We went through a similar exercise of trying to get the tail latencies down.
Starting with SO_BUSY_POLL, then switching to the per-epoll variant (except
we went with a hard-coded napi_id argument instead of tracking) and trying to
get a workable set of budget/timeout/gro_flush. We were fine with burning all
cpu capacity we had and no sleep at all, so we ended up having a bunch
of special cases in epoll loop to avoid the sleep.

But we were trying to make a different model work (the one you mention in the
paper as well) where the userspace busy-pollers are just running napi_poll
on one cpu and the actual work is consumed by the userspace on a different cpu.
(we had two epoll fds - one with napi_id=xxx and no sockets to drive napi_poll
and another epoll fd with actual sockets for signaling).
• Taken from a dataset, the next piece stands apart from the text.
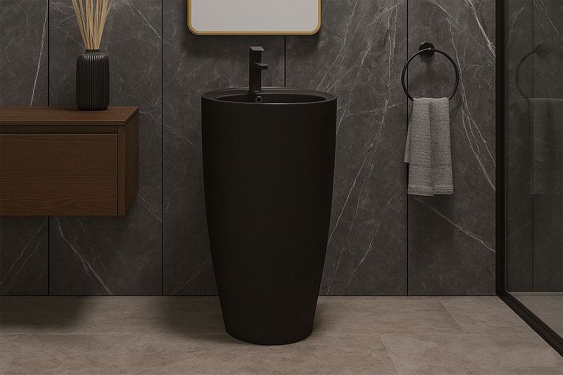 Раковина напольная Azario Dea 500х500х860: Изысканность и Функциональность в Черном Санфаянсе

This mode has a different set of challenges with socket lock, socket rx
queue and the backlog processing :-(

> > > Note that napi_suspend_irqs/napi_resume_irqs is needed even for the sake of
> > > an individual queue or application to make sure that IRQ suspension is
> > > enabled/disabled right away when the state of the system changes from busy
> > > to idle and back.
> > 
> > Can we not handle everything in napi_busy_loop? If we can mark some napi
> > contexts as "explicitly polled by userspace with a larger defer timeout",
> > we should be able to do better compared to current NAPI_F_PREFER_BUSY_POLL
> > which is more like "this particular napi_poll call is user busy polling".
> 
> Then either the application needs to be polling all the time (wasting cpu
> cycles) or latencies will be determined by the timeout.
> 
> Only when switching back and forth between polling and interrupts is it
> possible to get low latencies across a large spectrum of offered loads
> without burning cpu cycles at 100%.

Ah, I see what you're saying, yes, you're right. In this case ignore my comment
about ep_suspend_napi_irqs/napi_resume_irqs.

Let's see how other people feel about per-dev irq_suspend_timeout. Properly
disabling napi during busy polling is super useful, but it would still
be nice to plumb irq_suspend_timeout via epoll context or have it set on
a per-napi basis imho.